ProcessState::ProcessState()
: mDriverFD(open_driver())
Now we have an instance of ProcessState, let’s look at the getContextObject.
sp<IBinder> ProcessState::getContextObject(const sp<IBinder>& caller)
{
if (supportsProcesses()) {
return getStrongProxyForHandle(0);
} else {
return getContextObject(String16("default"), caller);
}
}
The board support binder driver, so we will get into getStrongProxyForHandle. (Handle 0 is
reserved for service manager, which will be explained later.)

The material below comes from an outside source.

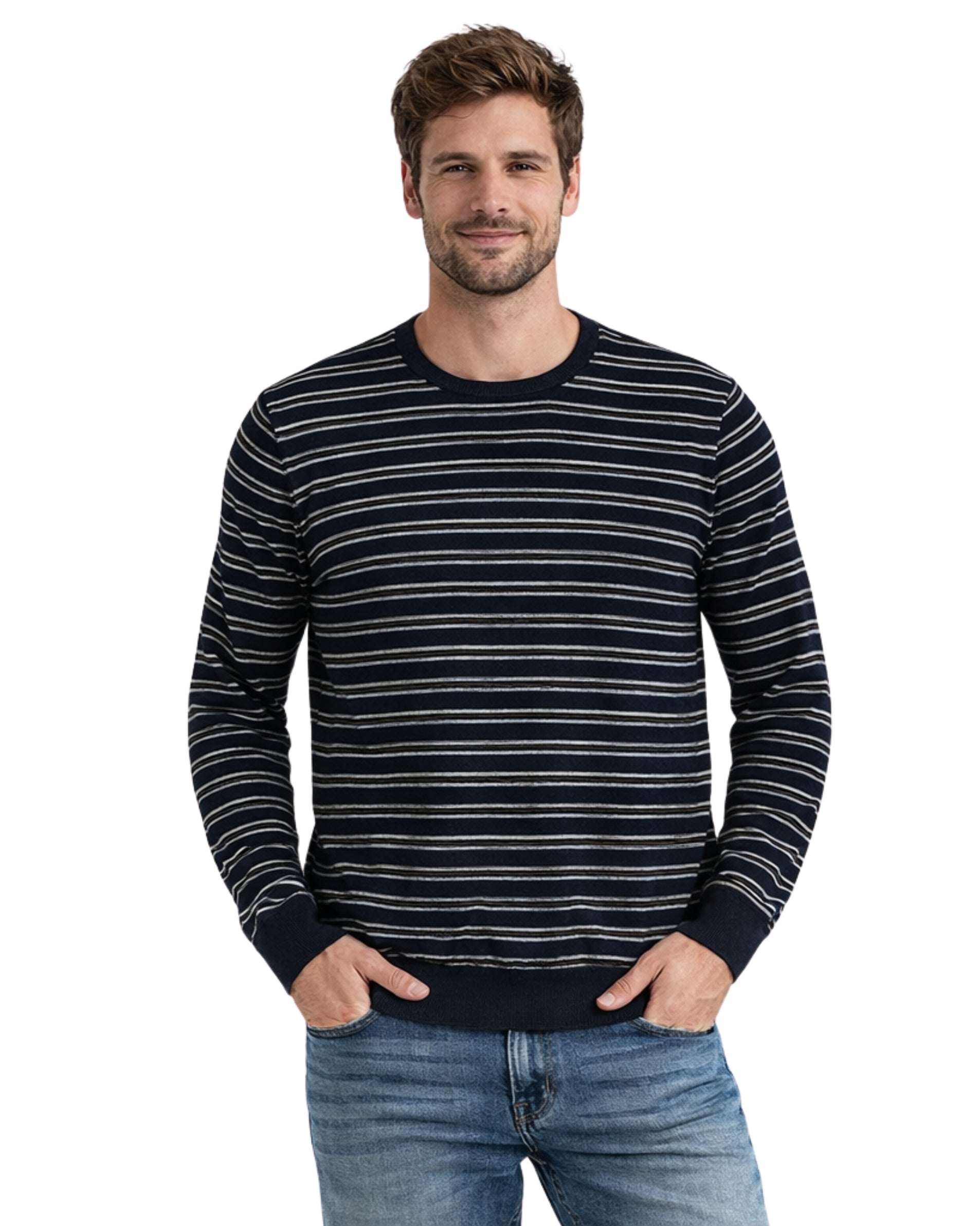 Men, Long Sleeve, Round Neck, Stripe, Soft, Casual, High Quality Knitwear, 100% Cotton

sp<IBinder> ProcessState::getStrongProxyForHandle(int32_t handle)
{
sp<IBinder> result;
AutoMutex _l(mLock);
handle_entry* e = lookupHandleLocked(handle);
if (e != NULL) {
// We need to create a new BpBinder if there isn't currently one, OR we
// are unable to acquire a weak reference on this current one. See comment
// in getWeakProxyForHandle() for more info about this.
IBinder* b = e->binder;
if (b == NULL || !e->refs->attemptIncWeak(this)) {
b = new BpBinder(handle);
e->binder = b;
if (b) e->refs = b->getWeakRefs();
result = b;
} else {
// This little bit of nastyness is to allow us to add a primary
// reference to the remote proxy when this team doesn't have one
// but another team is sending the handle to us.
result.force_set(b);
e->refs->decWeak(this);
}
}
return result;
}
The first time b will be NULL, so the code will new an BpBinder instance. BpBinder is a base
proxy class for remote binder object.
BpBinder::BpBinder(int32_t handle)
: mHandle(handle)
, mAlive(1)
, mObitsSent(0)
, mObituaries(NULL)
{
LOGV("Creating BpBinder %p handle %d\n", this, mHandle);
extendObjectLifetime(OBJECT_LIFETIME_WEAK);
IPCThreadState::self()->incWeakHandle(handle);
}
IPCThreadState::incWeakHandle will add a BC_INCREFS command in output buffer.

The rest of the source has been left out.